Task requirements —
Everything in the listing that follows should be reproduced exactly except the pictures.

Data shown —
--
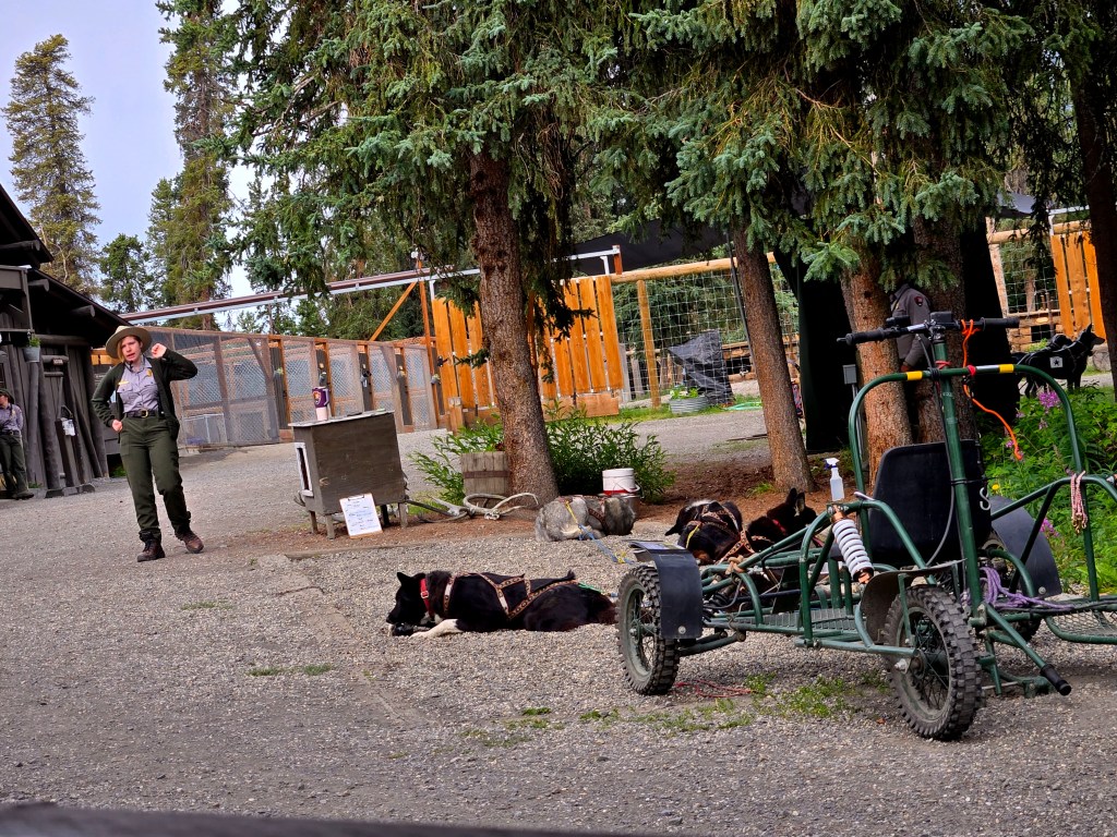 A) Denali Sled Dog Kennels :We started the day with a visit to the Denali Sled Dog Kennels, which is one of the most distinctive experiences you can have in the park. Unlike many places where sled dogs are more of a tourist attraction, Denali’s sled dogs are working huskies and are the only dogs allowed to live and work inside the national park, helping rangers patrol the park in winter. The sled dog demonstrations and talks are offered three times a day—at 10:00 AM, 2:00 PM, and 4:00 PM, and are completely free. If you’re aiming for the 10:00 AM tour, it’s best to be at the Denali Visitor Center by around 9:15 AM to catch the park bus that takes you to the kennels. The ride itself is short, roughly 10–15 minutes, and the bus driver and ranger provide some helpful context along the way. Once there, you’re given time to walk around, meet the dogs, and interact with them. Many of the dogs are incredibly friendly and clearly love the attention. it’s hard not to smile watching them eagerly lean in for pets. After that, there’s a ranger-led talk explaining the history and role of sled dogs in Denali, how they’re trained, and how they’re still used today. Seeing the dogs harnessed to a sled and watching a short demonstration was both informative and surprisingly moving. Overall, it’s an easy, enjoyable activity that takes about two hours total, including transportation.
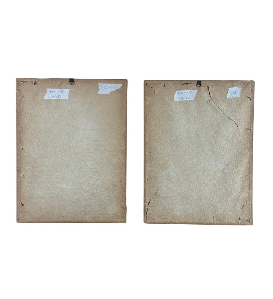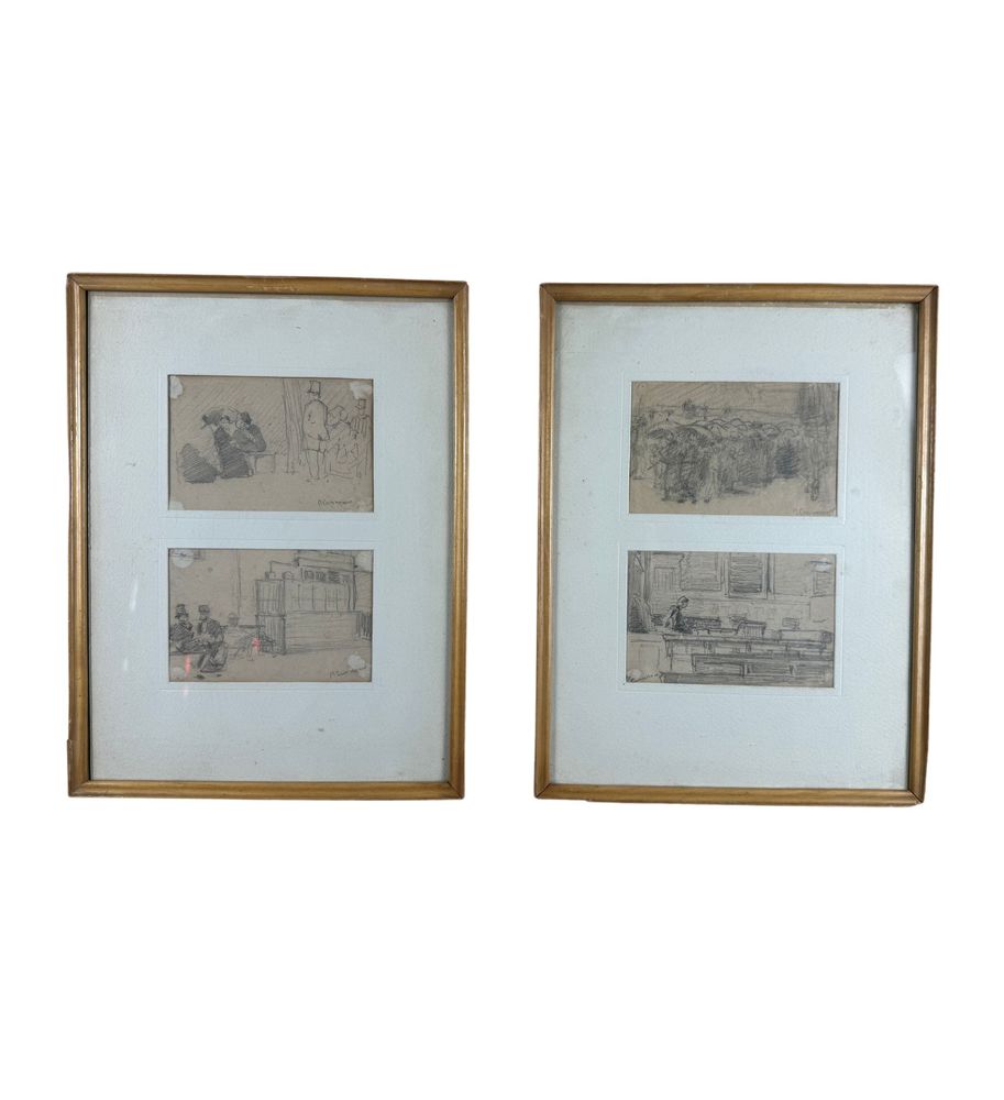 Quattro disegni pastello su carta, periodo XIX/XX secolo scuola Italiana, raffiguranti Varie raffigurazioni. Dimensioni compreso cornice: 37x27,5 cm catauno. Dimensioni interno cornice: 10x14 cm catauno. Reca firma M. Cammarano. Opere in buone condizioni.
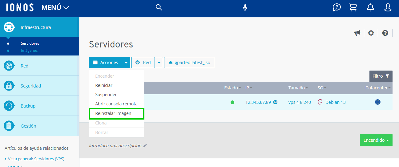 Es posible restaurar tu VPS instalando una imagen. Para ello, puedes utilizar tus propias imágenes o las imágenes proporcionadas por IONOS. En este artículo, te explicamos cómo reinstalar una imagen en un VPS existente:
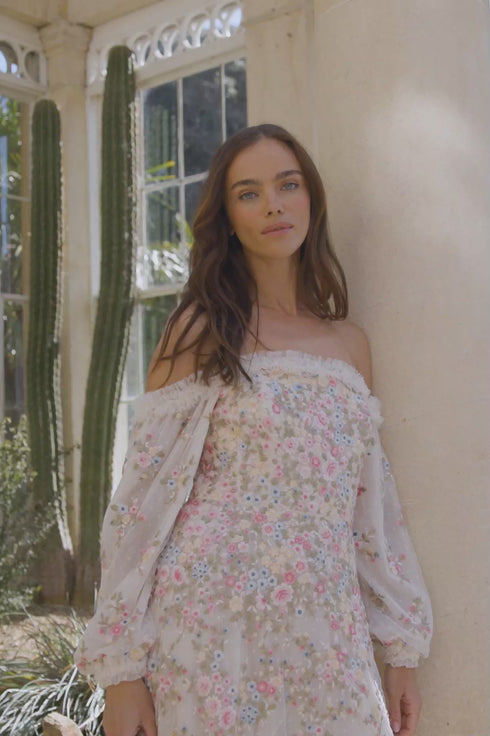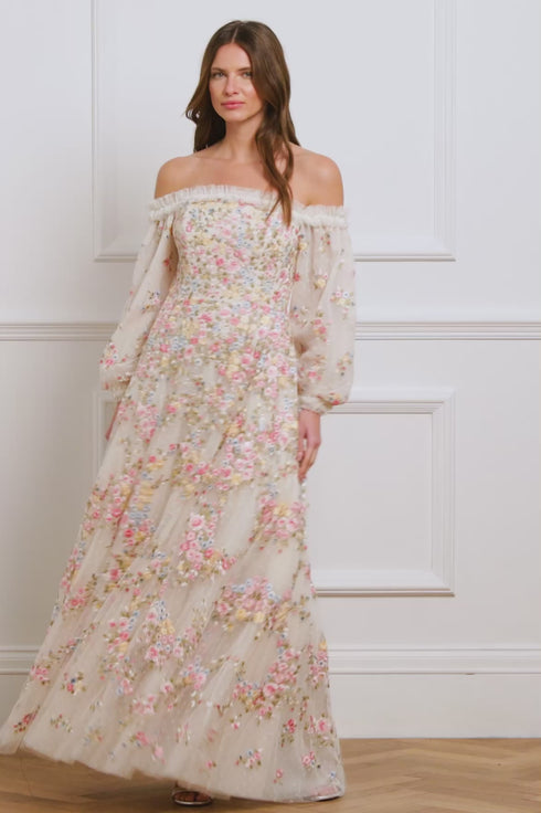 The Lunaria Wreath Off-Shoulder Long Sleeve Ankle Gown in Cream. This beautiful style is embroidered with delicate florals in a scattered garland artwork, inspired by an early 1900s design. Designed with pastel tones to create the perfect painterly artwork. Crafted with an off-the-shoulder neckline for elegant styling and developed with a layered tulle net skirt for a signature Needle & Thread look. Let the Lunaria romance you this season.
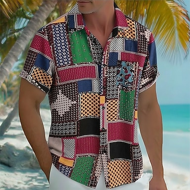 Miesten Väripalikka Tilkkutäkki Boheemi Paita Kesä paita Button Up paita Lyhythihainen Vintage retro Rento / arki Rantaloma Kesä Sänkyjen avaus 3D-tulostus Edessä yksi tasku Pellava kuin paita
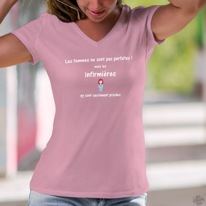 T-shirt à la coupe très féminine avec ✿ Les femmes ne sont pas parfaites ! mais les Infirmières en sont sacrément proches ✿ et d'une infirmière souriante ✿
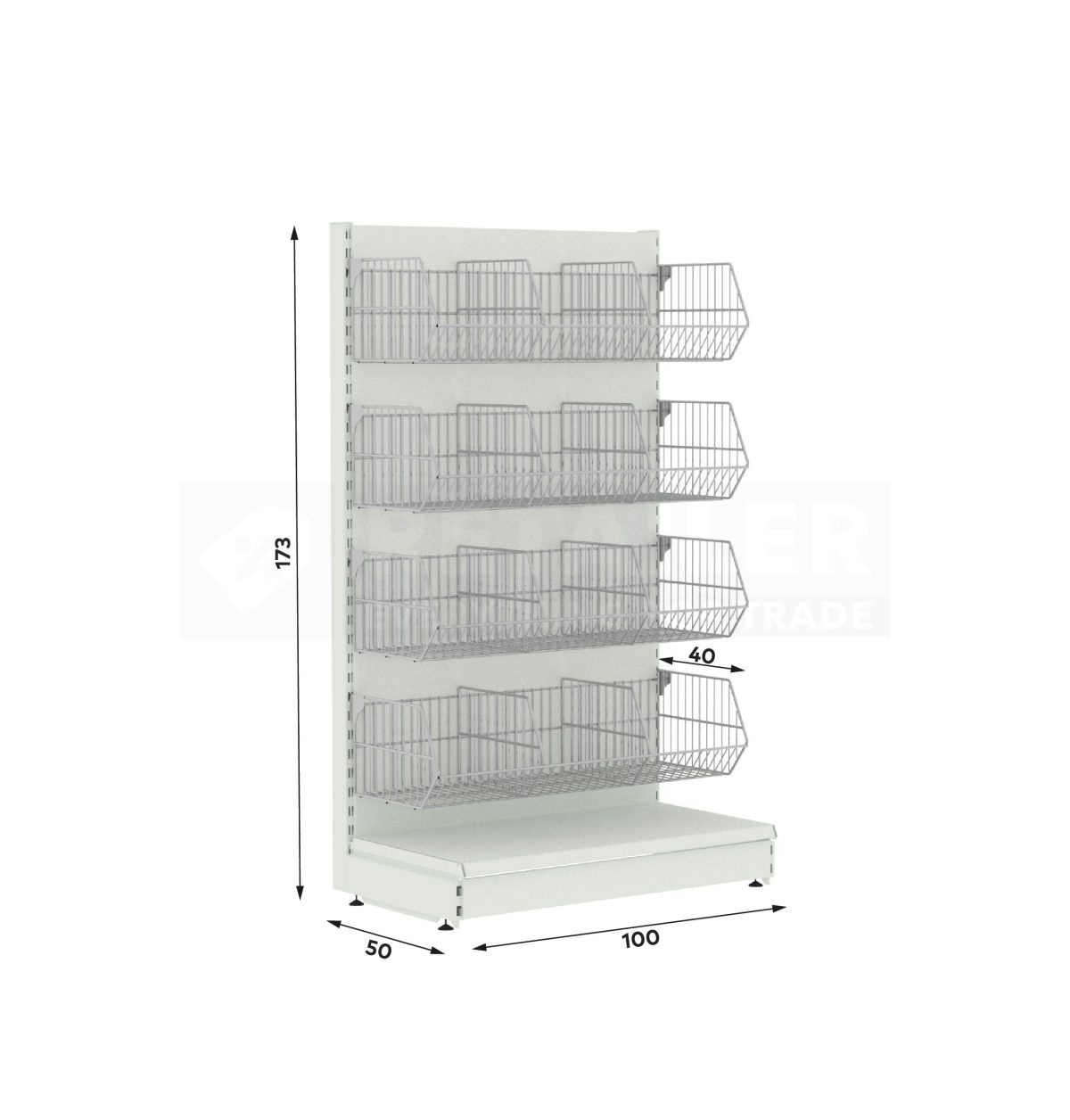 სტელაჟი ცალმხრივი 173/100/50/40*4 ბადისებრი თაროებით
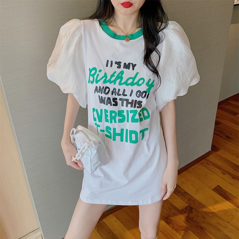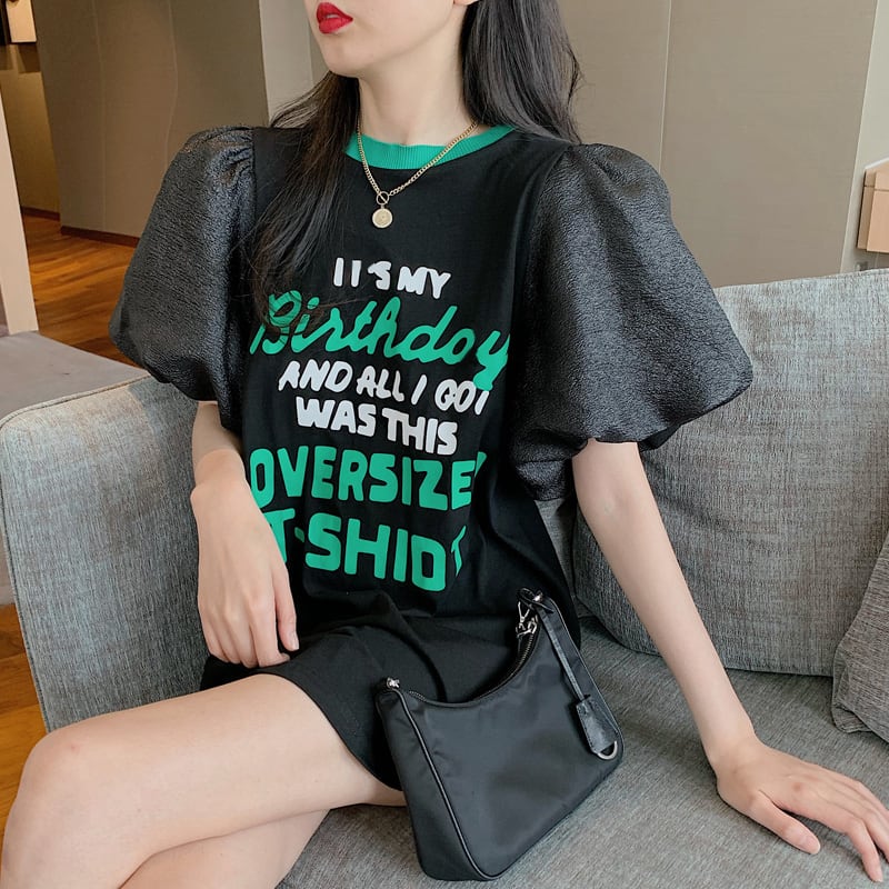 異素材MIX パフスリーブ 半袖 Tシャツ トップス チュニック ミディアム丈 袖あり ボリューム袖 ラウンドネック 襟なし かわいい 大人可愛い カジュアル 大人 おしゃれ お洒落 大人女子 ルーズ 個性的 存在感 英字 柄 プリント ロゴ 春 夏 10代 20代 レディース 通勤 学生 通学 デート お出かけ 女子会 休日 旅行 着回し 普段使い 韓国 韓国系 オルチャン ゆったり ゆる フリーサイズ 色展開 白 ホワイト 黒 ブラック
--
Solution to this exercise —
 A) Denali Sled Dog Kennels :We started the day with a visit to the Denali Sled Dog Kennels, which is one of the most distinctive experiences you can have in the park. Unlike many places where sled dogs are more of a tourist attraction, Denali’s sled dogs are working huskies and are the only dogs allowed to live and work inside the national park, helping rangers patrol the park in winter. The sled dog demonstrations and talks are offered three times a day—at 10:00 AM, 2:00 PM, and 4:00 PM, and are completely free. If you’re aiming for the 10:00 AM tour, it’s best to be at the Denali Visitor Center by around 9:15 AM to catch the park bus that takes you to the kennels. The ride itself is short, roughly 10–15 minutes, and the bus driver and ranger provide some helpful context along the way. Once there, you’re given time to walk around, meet the dogs, and interact with them. Many of the dogs are incredibly friendly and clearly love the attention. it’s hard not to smile watching them eagerly lean in for pets. After that, there’s a ranger-led talk explaining the history and role of sled dogs in Denali, how they’re trained, and how they’re still used today. Seeing the dogs harnessed to a sled and watching a short demonstration was both informative and surprisingly moving. Overall, it’s an easy, enjoyable activity that takes about two hours total, including transportation.
 Quattro disegni pastello su carta, periodo XIX/XX secolo scuola Italiana, raffiguranti Varie raffigurazioni. Dimensioni compreso cornice: 37x27,5 cm catauno. Dimensioni interno cornice: 10x14 cm catauno. Reca firma M. Cammarano. Opere in buone condizioni.
 Es posible restaurar tu VPS instalando una imagen. Para ello, puedes utilizar tus propias imágenes o las imágenes proporcionadas por IONOS. En este artículo, te explicamos cómo reinstalar una imagen en un VPS existente:
 The Lunaria Wreath Off-Shoulder Long Sleeve Ankle Gown in Cream. This beautiful style is embroidered with delicate florals in a scattered garland artwork, inspired by an early 1900s design. Designed with pastel tones to create the perfect painterly artwork. Crafted with an off-the-shoulder neckline for elegant styling and developed with a layered tulle net skirt for a signature Needle & Thread look. Let the Lunaria romance you this season.
 Miesten Väripalikka Tilkkutäkki Boheemi Paita Kesä paita Button Up paita Lyhythihainen Vintage retro Rento / arki Rantaloma Kesä Sänkyjen avaus 3D-tulostus Edessä yksi tasku Pellava kuin paita
 T-shirt à la coupe très féminine avec ✿ Les femmes ne sont pas parfaites ! mais les Infirmières en sont sacrément proches ✿ et d'une infirmière souriante ✿
 სტელაჟი ცალმხრივი 173/100/50/40*4 ბადისებრი თაროებით
 異素材MIX パフスリーブ 半袖 Tシャツ トップス チュニック ミディアム丈 袖あり ボリューム袖 ラウンドネック 襟なし かわいい 大人可愛い カジュアル 大人 おしゃれ お洒落 大人女子 ルーズ 個性的 存在感 英字 柄 プリント ロゴ 春 夏 10代 20代 レディース 通勤 学生 通学 デート お出かけ 女子会 休日 旅行 着回し 普段使い 韓国 韓国系 オルチャン ゆったり ゆる フリーサイズ 色展開 白 ホワイト 黒 ブラック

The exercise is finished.